Guy Deutscher: Through the Language Glass

We are now halfway through this book and enjoying it very much, not least the malicious wit with which the author challenges received opinions in Linguistics.

On looking up the author’s background, it is clear that he has come to the study of language after a successful academic career in Mathematics, which is notoriously exigent in demanding evidence for any statement. He finds Linguistics lacking in academic rigour in this respect.

For example, it has been axiomatic in Linguistic studies that “all languages are equally complex”. When I learned this, I realised that the reason for this statement was to counter the popular opinion that technologically primitive people are cognitively and linguistically primitive.

However, it has been left to Deutscher to challenge this statement as a matter of fact. He shows in this book that, not only is there no evidence from real languages for this statement, but there is no measure of complexity in language.
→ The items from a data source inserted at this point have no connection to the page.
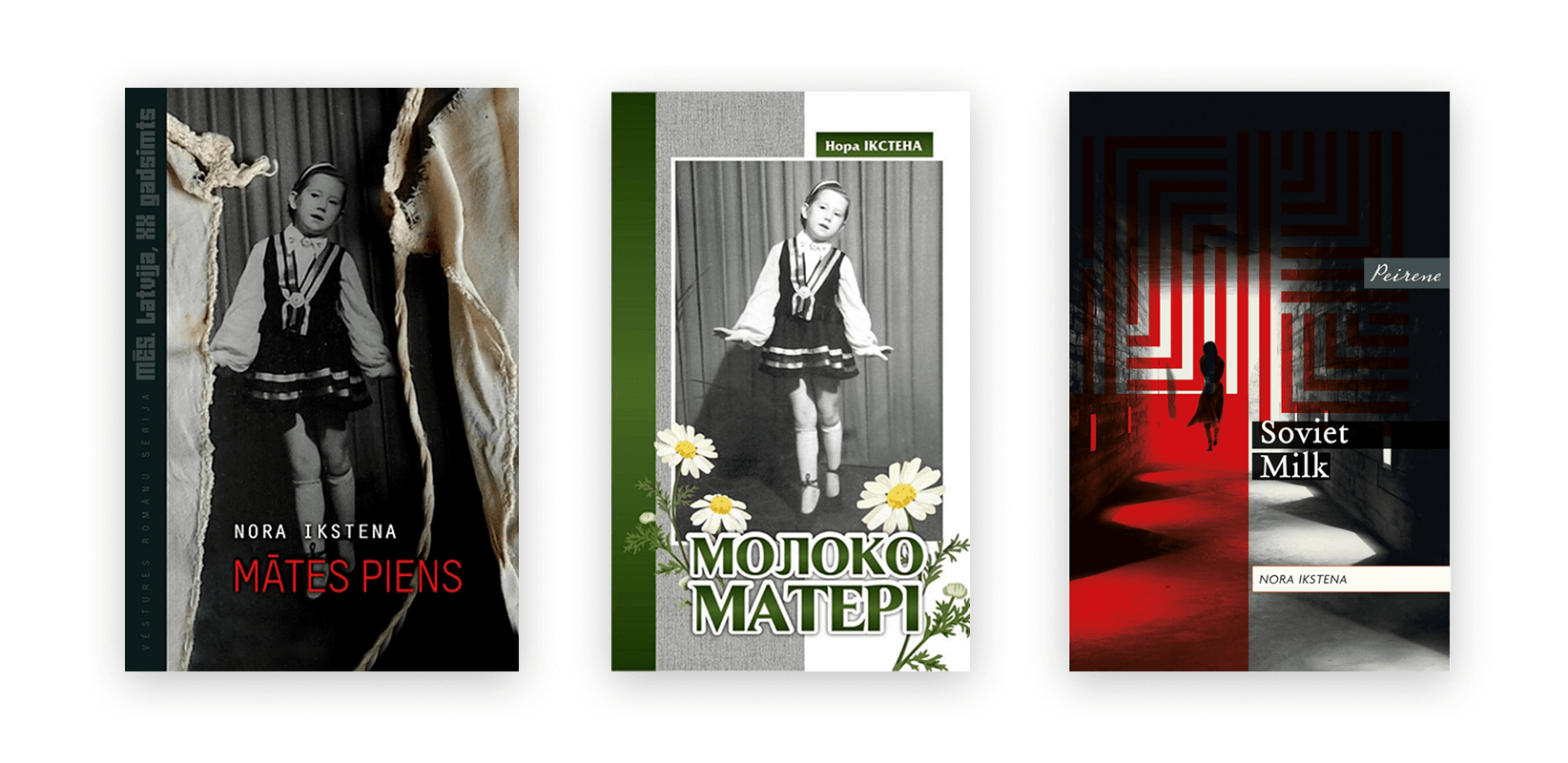 “Soviet Milk” book covers in English, Latvian and Ukrainian
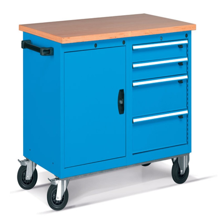Rectangular mild steel tool cabinet in blue, designed for industrial applications. Features 4 drawers and 4 wheels for mobility. Made in India.
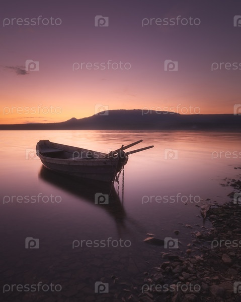 Деревянная лодка в воде на берегу горного озера после заката
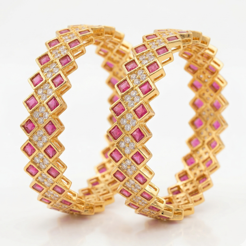 Elevate your jewelry collection with the Vibrant Ruby Zig-Zag Gold Bangles—a truly stunning statement piece. This pair of gold-plated bangles seamlessly combines bold geometric design with intricate craftsmanship, ensuring you stand out on any special occasion.
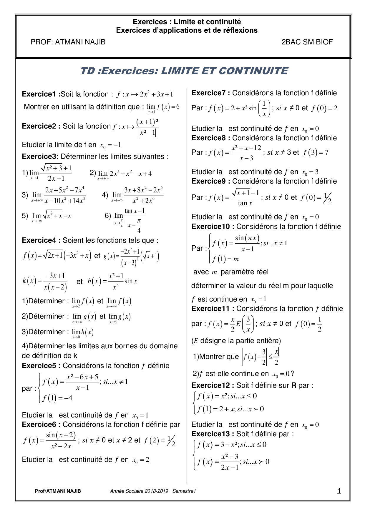 Limites et continuité - Série d'exercices 1

Some languages are more complex than others at the morphological level – German, with its case and gender endings is more complex that English in this respect, for example. Which language is more complex at the level of the clause? No-one has done this research or attempted to produce a measure of complexity.

It seems that isolated languages spoken by few people are less complex phonologically than more widely used languages, clearly because people who know one another well cut down on the sounds for communication (by the force of linguistic destruction described in Deutscher’s previous book i.e. laziness). Otherwise the field is wide open for research.